I’m a Kentuckian who lives in Kansas. I’m currently watching the University of Kentucky/University of Kansas game, which I do alone, usually (truly out of self-preservation, Jayhawk fans take their militia-rooted name pretty seriously) Tonight, our new puppy is keeping me company, though she could care less about the game.

Living in the land of the second most successful basketball program in the nation as a fan of the first does bring with it a bit of social awkwardness, and because of that, I often over emphasize my fan-ness and invoke our most crass stereotypes (If you haven’t heard me make a “burn a couch after a win” joke, you’re not paying attention).

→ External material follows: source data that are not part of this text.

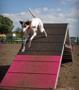 Dahari absolutely loves her agilty and began competing in 2023. she has won several rosettes in beginers classes and we are taking the opportunity at A4A shows to run NFC to train her contacts and weaves in the competition envirionment. Dahari works all equiptment confidently and we cant wait to see her progress her agility!
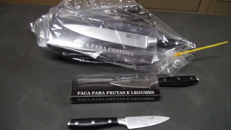 Com as características passadas aos policiais, estes iniciaram o patrulhamento procurando o autor, e o mesmo foi localizado no Jardim Santa Marta, e durante a abordagem foi localizado as duas facas que havia sido furtada.
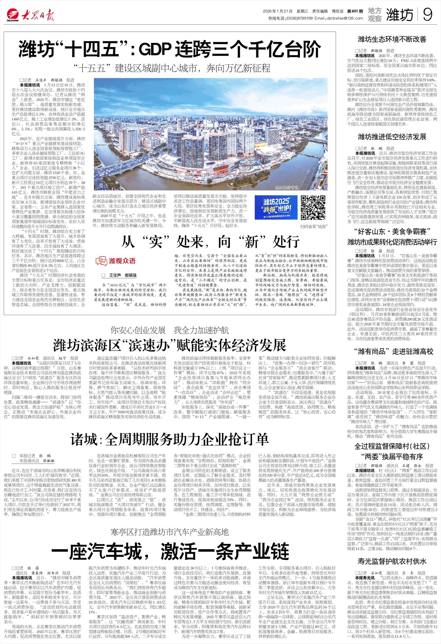 潍坊“十四五”:GDP连跨三个千亿台阶

And yes, while Jayhawk fans, Blue Devil fans, Tar Heel Fans, and several other college team fans do have a tendency to obsess, over-prioritize, and be unrealistically superstitious, there’s a particular type of weirdness that the Big Blue Nation brings to the table. A folklorish type of weirdness. Perhaps it’s appropriate for a state so rich with folklore, folk art, folk music. There are plenty of basketball tall tales to be told, but tonight, I can’t help but think about the tragicomic story of Richie Farmer. He was a high school phenomenon from deep eastern Kentucky–Clay County, who led his team on a legendary run in the state tournament. (I remember a teacher from my junior high tell the class that Clay County’s team was so good because the school was too poor to afford a gym, and the varsity team would practice outside–so they all learned how to shoot against and with the wind, making them the best shooting team in the state. While I doubt it, who knows. Of course, this was also the same teacher who told the following joke: “q: How do you make a hormone? a: don’t pay her.” Of course, this teacher now works as a pastor.) Richie was part of the beloved “Unforgettables” team that played through their NCAA suspension and had a terrific run in the NCAA tournament, stopped only by Christian Laettner’s ridiculously perfect performance (bitterly remembered by many of us.).

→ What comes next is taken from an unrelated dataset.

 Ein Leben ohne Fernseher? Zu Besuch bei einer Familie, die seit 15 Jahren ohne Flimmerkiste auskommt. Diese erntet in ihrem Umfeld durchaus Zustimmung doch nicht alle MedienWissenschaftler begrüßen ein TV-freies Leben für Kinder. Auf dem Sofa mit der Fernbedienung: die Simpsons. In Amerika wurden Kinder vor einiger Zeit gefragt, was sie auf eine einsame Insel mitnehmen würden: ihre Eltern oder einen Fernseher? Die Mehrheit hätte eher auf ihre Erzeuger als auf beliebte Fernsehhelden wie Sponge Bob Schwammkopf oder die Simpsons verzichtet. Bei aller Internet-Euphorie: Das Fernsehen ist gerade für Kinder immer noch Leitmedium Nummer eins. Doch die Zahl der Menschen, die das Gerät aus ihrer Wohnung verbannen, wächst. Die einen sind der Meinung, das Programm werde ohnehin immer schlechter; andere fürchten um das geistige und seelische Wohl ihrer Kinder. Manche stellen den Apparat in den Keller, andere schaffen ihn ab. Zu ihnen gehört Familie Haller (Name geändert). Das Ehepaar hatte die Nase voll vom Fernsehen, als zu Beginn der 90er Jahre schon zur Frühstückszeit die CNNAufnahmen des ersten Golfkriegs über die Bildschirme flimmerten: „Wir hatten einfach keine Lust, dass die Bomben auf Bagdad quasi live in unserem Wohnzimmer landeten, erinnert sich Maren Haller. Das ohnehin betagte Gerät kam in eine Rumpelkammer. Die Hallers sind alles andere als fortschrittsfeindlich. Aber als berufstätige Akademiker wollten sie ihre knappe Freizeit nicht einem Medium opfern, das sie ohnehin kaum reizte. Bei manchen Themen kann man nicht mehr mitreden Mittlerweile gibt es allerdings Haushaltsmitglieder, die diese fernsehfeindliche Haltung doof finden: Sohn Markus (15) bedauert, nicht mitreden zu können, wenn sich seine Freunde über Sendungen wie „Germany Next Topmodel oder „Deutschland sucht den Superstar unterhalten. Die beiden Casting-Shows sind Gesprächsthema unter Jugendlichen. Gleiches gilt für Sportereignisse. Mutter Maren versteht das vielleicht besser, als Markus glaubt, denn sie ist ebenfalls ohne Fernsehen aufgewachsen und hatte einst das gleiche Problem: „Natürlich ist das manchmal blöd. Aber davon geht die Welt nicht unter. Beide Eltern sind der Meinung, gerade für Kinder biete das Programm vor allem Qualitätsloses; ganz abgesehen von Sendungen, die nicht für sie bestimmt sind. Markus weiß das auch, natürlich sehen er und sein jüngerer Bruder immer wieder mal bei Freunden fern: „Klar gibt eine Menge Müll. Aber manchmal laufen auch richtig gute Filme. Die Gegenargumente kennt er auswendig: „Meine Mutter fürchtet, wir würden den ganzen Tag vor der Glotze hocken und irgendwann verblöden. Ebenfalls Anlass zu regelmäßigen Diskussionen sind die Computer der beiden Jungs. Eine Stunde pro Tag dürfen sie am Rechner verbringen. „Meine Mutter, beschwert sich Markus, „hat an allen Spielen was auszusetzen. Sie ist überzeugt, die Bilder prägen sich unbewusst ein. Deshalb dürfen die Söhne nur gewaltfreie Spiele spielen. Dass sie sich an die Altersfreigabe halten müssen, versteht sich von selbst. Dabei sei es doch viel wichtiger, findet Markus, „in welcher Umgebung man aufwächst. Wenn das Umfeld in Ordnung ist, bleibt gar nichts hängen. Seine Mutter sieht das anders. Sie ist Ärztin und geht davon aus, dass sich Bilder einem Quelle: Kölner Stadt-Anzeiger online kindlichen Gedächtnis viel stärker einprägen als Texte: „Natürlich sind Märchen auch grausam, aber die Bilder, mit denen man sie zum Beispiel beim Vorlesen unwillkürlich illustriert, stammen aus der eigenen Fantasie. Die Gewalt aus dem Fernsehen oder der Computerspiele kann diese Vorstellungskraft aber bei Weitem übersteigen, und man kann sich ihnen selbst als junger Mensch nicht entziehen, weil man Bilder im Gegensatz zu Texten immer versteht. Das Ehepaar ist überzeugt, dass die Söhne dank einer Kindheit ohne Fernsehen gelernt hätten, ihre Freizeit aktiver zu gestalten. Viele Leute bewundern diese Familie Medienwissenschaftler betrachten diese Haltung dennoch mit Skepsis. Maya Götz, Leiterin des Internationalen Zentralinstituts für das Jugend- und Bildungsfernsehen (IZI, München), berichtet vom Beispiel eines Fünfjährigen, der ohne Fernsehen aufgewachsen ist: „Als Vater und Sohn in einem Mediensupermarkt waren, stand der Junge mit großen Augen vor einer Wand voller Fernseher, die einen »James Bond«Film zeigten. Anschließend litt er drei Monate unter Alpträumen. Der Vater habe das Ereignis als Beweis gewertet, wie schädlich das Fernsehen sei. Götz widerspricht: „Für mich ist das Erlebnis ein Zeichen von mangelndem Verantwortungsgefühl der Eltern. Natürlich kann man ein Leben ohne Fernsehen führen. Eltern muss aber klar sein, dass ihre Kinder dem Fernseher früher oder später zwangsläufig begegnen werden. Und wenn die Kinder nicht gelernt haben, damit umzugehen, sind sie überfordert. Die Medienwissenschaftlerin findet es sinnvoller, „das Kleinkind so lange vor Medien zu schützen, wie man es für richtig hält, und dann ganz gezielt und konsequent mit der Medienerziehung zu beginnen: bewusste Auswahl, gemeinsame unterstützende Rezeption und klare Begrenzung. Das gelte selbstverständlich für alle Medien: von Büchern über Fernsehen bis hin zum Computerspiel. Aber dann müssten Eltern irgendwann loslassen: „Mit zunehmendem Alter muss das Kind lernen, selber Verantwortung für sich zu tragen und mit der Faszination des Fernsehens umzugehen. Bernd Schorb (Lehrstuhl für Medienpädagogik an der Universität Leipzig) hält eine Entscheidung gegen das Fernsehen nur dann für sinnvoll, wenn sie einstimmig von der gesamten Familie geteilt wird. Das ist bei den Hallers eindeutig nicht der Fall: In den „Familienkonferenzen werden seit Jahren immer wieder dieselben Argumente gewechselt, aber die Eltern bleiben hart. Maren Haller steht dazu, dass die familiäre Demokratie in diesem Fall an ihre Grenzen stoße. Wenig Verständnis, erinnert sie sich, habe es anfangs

Richie made the news again a few years back. He turned to politics and served as Secretary of Agriculture in KY. His tenure was scandal-ridden, and he embarrassed himself while running for Lieutenant Governor by referencing his basketball career constantly, even if it wasn’t relevant.

But hey, I don’t find that weird. Appalachian politics are supposed to be corrupt. Kentucky basketball players are supposed to tell their tall tales for the rest of their lives.

The weird thing I remember about Richie Farmer is that he co-authored a memoir about his life once he completed his career at UK. Now, that in itself is not that weird. Go to a bookstore in any college sport crazy region, and you’ll find a slew of memoirs of coaches and beloved/successful players.

What I remember about Richie’s memoir is that any dialogue attributed to him was highlighted in wildcat blue. Yes, just like how the words attributed to Jesus are highlighted in red in some Bibles.

In Bible-belt Kentucky, I find that a little weird.

But only a little. After all, it’s the state Religion. Why shouldn’t we have our own Basketball Jesus?